§ TASK REQUIREMENTS:
Reproduce the listing below as it stands. Leave out each image.

§ AVAILABLE DATA:
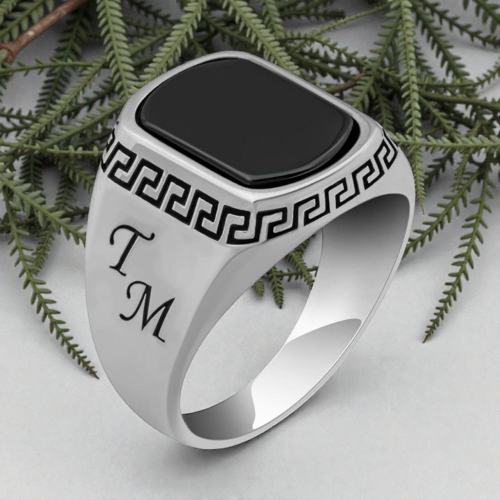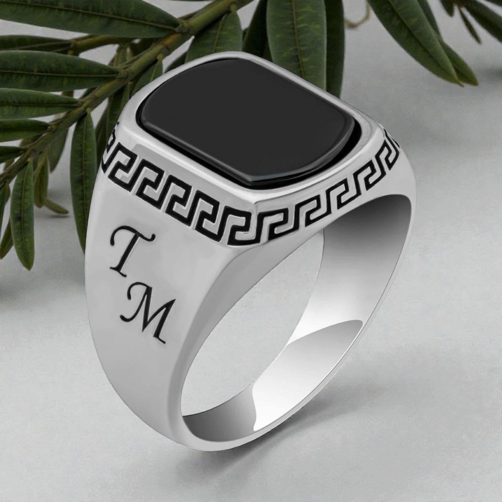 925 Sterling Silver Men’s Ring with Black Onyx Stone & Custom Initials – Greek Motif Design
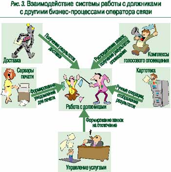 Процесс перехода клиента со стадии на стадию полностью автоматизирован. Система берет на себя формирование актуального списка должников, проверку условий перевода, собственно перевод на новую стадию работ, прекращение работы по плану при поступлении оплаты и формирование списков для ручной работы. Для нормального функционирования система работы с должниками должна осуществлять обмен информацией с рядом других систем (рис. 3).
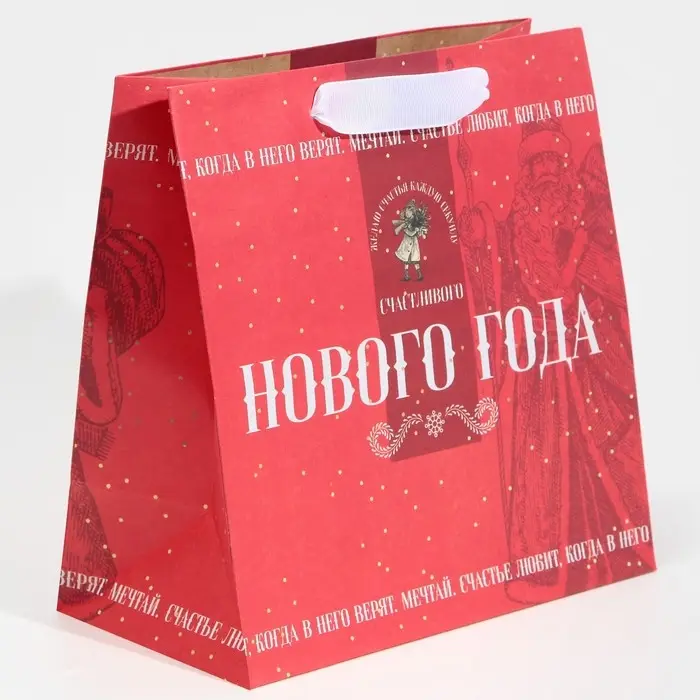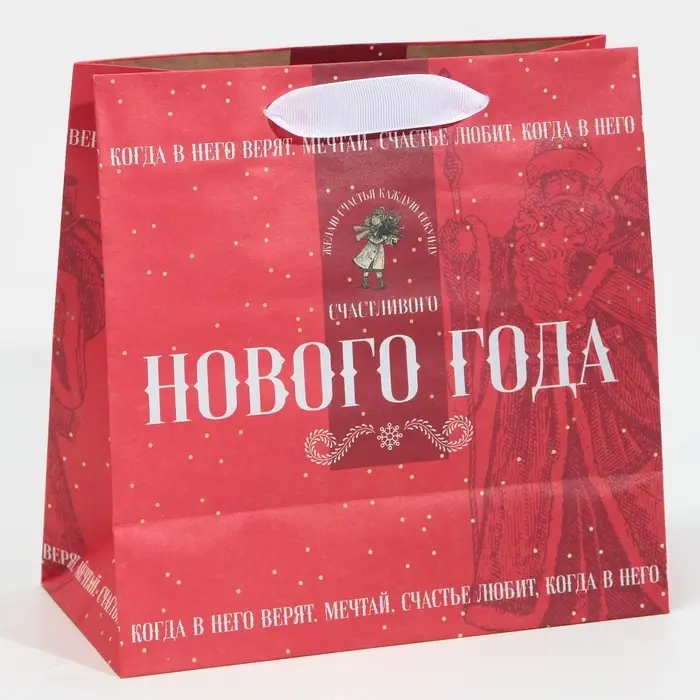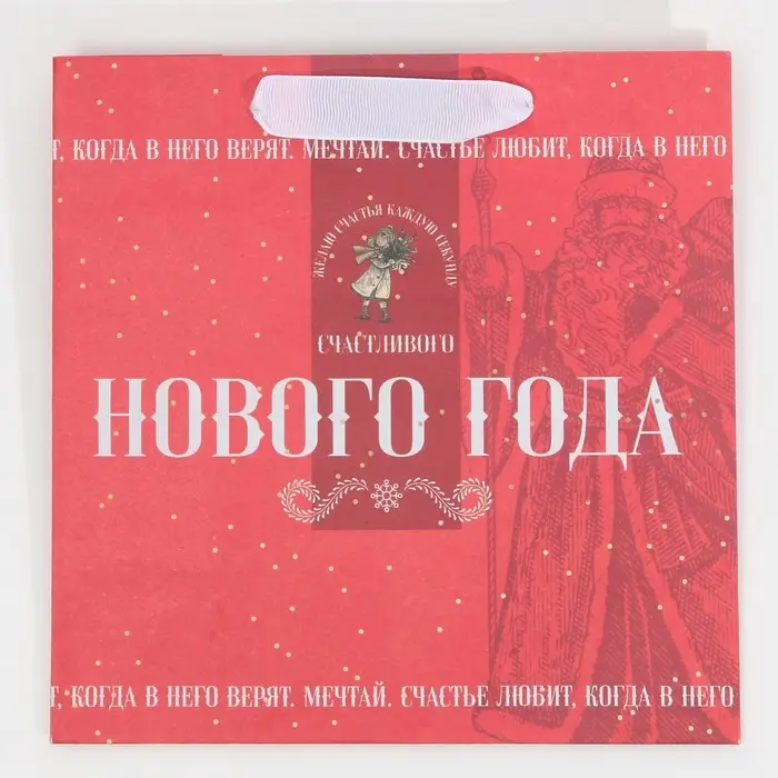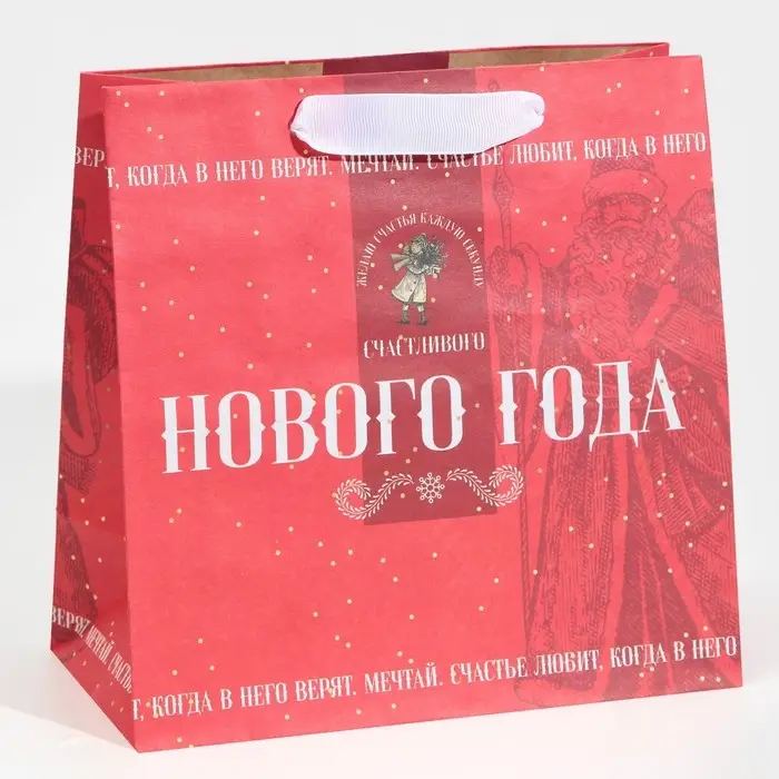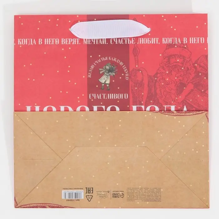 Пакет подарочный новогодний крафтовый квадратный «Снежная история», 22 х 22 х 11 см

§ RESULT:
 925 Sterling Silver Men’s Ring with Black Onyx Stone & Custom Initials – Greek Motif Design
 Процесс перехода клиента со стадии на стадию полностью автоматизирован. Система берет на себя формирование актуального списка должников, проверку условий перевода, собственно перевод на новую стадию работ, прекращение работы по плану при поступлении оплаты и формирование списков для ручной работы. Для нормального функционирования система работы с должниками должна осуществлять обмен информацией с рядом других систем (рис. 3).
 Пакет подарочный новогодний крафтовый квадратный «Снежная история», 22 х 22 х 11 см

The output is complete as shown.